Kohlensäurereiches Wasser (gilt ab 1000 mg pro Liter) hilft besonders gegen Blasenentzündungen, da es den Harn ansäuert und damit die Entwicklung von Harnwegsinfekten unterdrückt. Bei einer chronischen Blasenentzündung sollten Sie täglich einen bis zweieinhalb Liter über den Tag verteilt zu sich nehmen – die letzte Portion am besten direkt vor dem Schlafengehen.

Kalziumreiches Wasser

Bei Osteoporose sollten Sie täglich ein bis zwei Liter kalziumreiches Wasser (gilt ab 250 mg pro Liter) trinken: Es verdichtet die Knochen, macht sie fester und belastbarer.

Fluoridreiches Wasser

Für die Zahngesundheit ist fluoridreiches Wasser (gilt ab 1 mg pro Liter) besonders gut, da es den Zahnschmelz stärkt und das Wiedereinlagern von Mineralstoffen fördert.
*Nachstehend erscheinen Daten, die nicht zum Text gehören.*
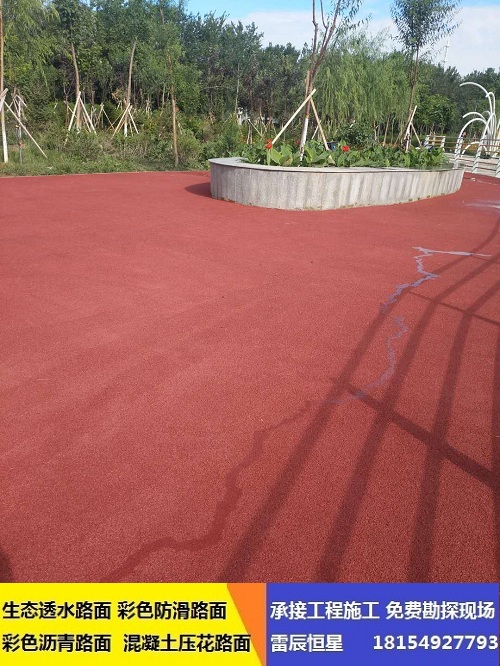 冷涂型彩色防滑路面材料的類型有丙烯酸型、環(huán)氧型,聚氨酯型等,其為液態(tài)。施工時,無需大型設(shè)備,只需將基料與固化劑按比例混合后,用滾涂的方式涂鋪于路面,并添加防滑沙層,經(jīng)過化學交聯(lián)反應(yīng),快速固化成堅韌的漆膜,形成彩色防滑路面。 施工簡單,快速簡便,目前已經(jīng)成為市場主要的選擇對象。其中聚氨酯型由于其綜合性能更有優(yōu)勢,所以在國內(nèi)目前的市場占有率*高。

Trinken Sie täglich ein bis zwei Liter davon - zusammen mit anderen Fluorid-Quellen sollten allerdings 3,1 Milligramm Fluorid pro Tag bei Frauen nicht überschritten werden.

Natriumreiches Wasser

Durchfall und Schwitzen können Sie mit natriumreichem Wasser (gilt ab 300 mg pro Liter) lindern: Dieses Heilwasser verbessert den Stoffwechsel und die Funktion der Organe. Nehmen Sie es nach Bedarf je nach Schweißmenge und Stärke des Durchfalls zusätzlich zur täglichen Flüssigkeitszufuhr zu sich.